Thanks for the info Texane, I didn't know about that either!


----------



## Dave (Jan 24, 2002)

Don't know if this is true or not, but I heard that in the new release they are painting out all the guns with cgi. 

I can't remember where I heard that, and to be honest I don't remember any guns in it. But the idea of retrospectively altering films is a little strange to me. Nothing new though , all began with colourization of b&w movies, and Star Wars. Where will it end?


----------



## msr709 (Jan 24, 2002)

I remember they get very aggressive when they come into the house looking for him but I can't remember if they had guns!  Either way I loved this movie! :rolly2: :alienooh:


----------



## Chilly (Mar 20, 2002)

*elliot*

hey isaw the actoe who plays eliiot
man he looked didfrent!


----------



## sarahksg1 (Apr 8, 2002)

wat he look like?????????


----------



## Chilly (Apr 9, 2002)

*lol*

here

this cant be him!


----------



## sarahksg1 (Apr 20, 2002)

cheers chilly!!!!!!


----------



## Chilly (Apr 21, 2002)

is ok
he lux strange don he?


----------



## sarahksg1 (Apr 21, 2002)

yea he does!!!

he looks way different, i wouldn't have recognised him if i didnt no it was him...lol


----------



## stripe (Jun 13, 2002)

*E.T. DVD Lands Briefly*

From scifi.com 

Universal will release E.T. the Extra-Terrestrial on DVD Oct. 22, but only for only 10 weeks, the company announced. Universal Studios Home Video will release both original and 20th-anniversary versions of the 1982 blockbuster. After the 10 weeks, the title will go on moratorium indefinitely. 

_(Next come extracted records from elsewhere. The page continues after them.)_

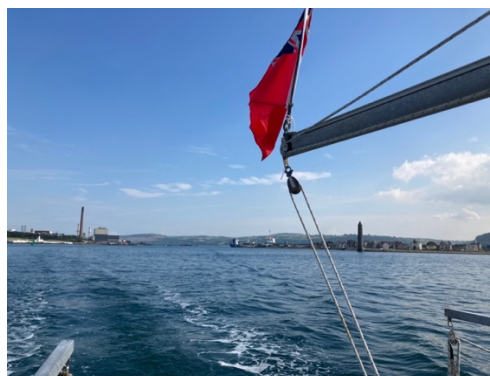
Serenity Leaving Larne.

Thursday 1 st July 2021, High Water Larne: 1730 hrs. Taking advantage of the afternoon flood tide we brought Serenity alongside Wymers Pier for ease of victualling. All stocked up, inflatable dinghy attached to the davits and two bicycles secured to the deck, we set off for our first scheduled stop in Redbay just as the tide was turning.
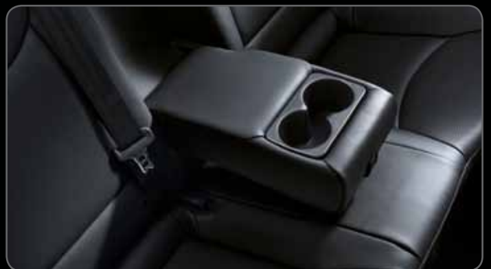
Rear Centre Armrest
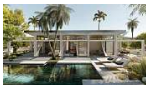
One&amp;Only Aesthesis | Credit: One&amp;Only Resorts

Sun-chasers should head to One&Only Aesthesis, a Grecian escape in 21-hectares on the Athenian riviera, while skiers await the opening of Six Senses Crans-Montana in one of Switzerland's most prominent ski areas. City-lovers are anticipating the opening of Six Senses Rome, designed by Patricia Urquiola inside an 18th-century building near the Trevi Fountain and the Pantheon. Expect a rooftop terrace, organic garden, trattoria, and a spa inspired by ancient Roman baths. In Paris Maisons Pariente, the group behind Hôtel Le Coucou in Meribel, opens its first boutique urban hotel, Le Grand Mazarin, in the Marais during September.
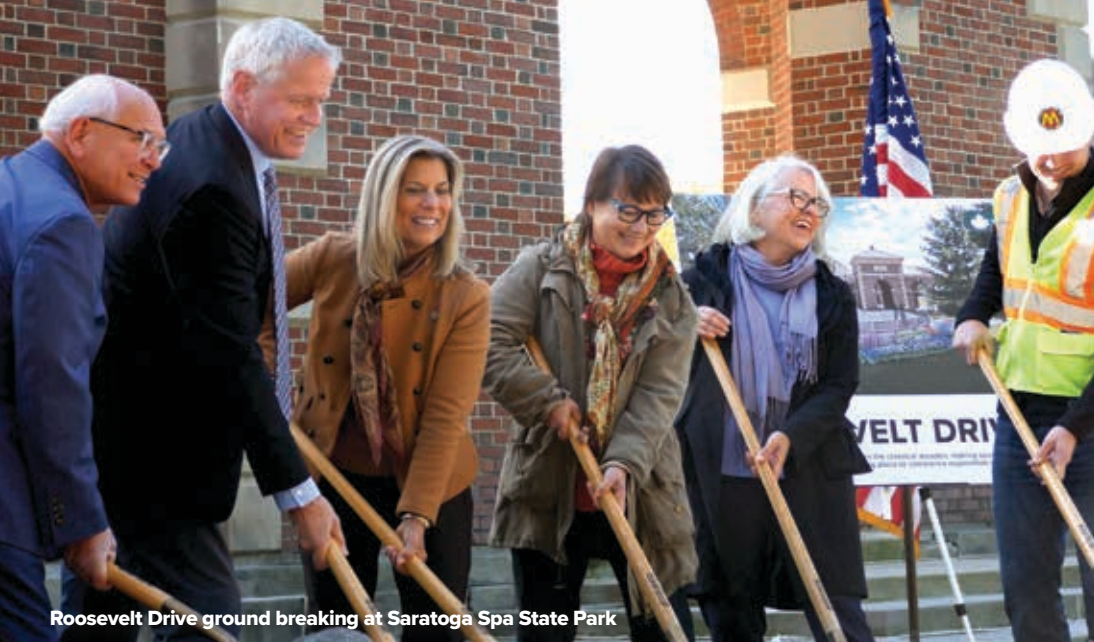
Roosevelt Drive ground breaking at Saratoga Spa State Park
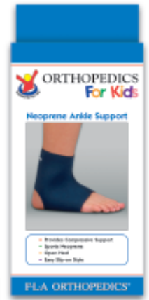
Neoprene Ankle Support
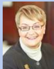
Henryka Bochniarz CEO, Boeing Central & Eastern European Region
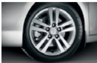
16" x 7" RAPTOR ALLOY WHEELS - Machined & Painted Finish Painted finish shown Available for AT-X & Prodigy
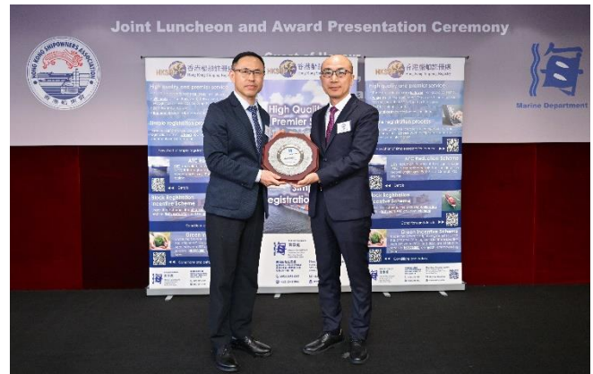
Orient Overseas Container Line Ltd. receives an award for outstanding performance in PSC for the year of 2025
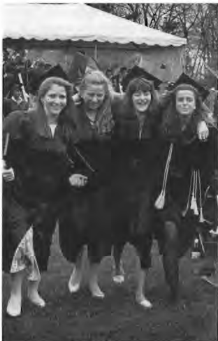
The exhilaration of Commencement is evident on these happy faces.
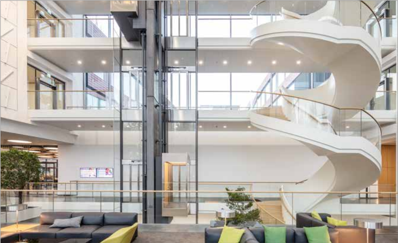
Vector Informatik headquarters, Stuttgart, Germany
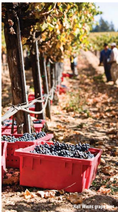
Hall Wines grape bins
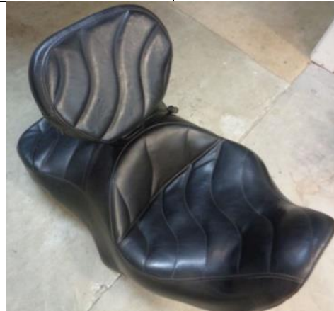
Hartco custom vinyl seat, heated, with rider backrest, matching co-rider backrest cover, rider's backrest storage pouch, new heating element and refreshed rider's seat foam done by Hartco, fits GL1800 2012-2017, original MSRP $1,500, asking $400.00/OBO
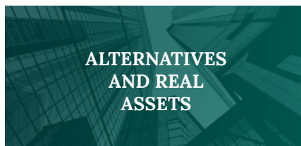
ALTERNATIVES AND REAL ASSETS

Universal will release the E.T. Limited Collector's Edition DVD, a two-disc set featuring the 2002 version of the movie in either letterbox or full-frame formats for $22.95. The E.T. Ultimate Collector's Gift Set will include the original theatrical version, the 2002 theatrical version, a CD soundtrack, a script from the original feature and a collectible senitype for $69.98. A VHS full-frame version of the movie will be priced at $14.95. 

The two-disc set will also contain a track with John Williams' live orchestral performance of his score, which accompanied the 20th-anniversary premiere of the movie in Los Angeles earlier this year. Other DVD highlights include a new interview with director Steven Spielberg, a reunion of the cast and crew, the evolution of the E.T. character and Universal Studios Total Axess, a DVD-ROM feature, the studio announced.


----------



## HeyLynny (Jul 7, 2002)

Dave, you heard right. They did get rid of the guns (in the scene where the bike lifts off into the air, the police below had guns in the original).  I saw this on a reunion show after the re-release.  The extra scenes that they added were really cute too!


----------



## Starbeast (May 9, 2011)

Strange alien movie, but it was geared for kids


----------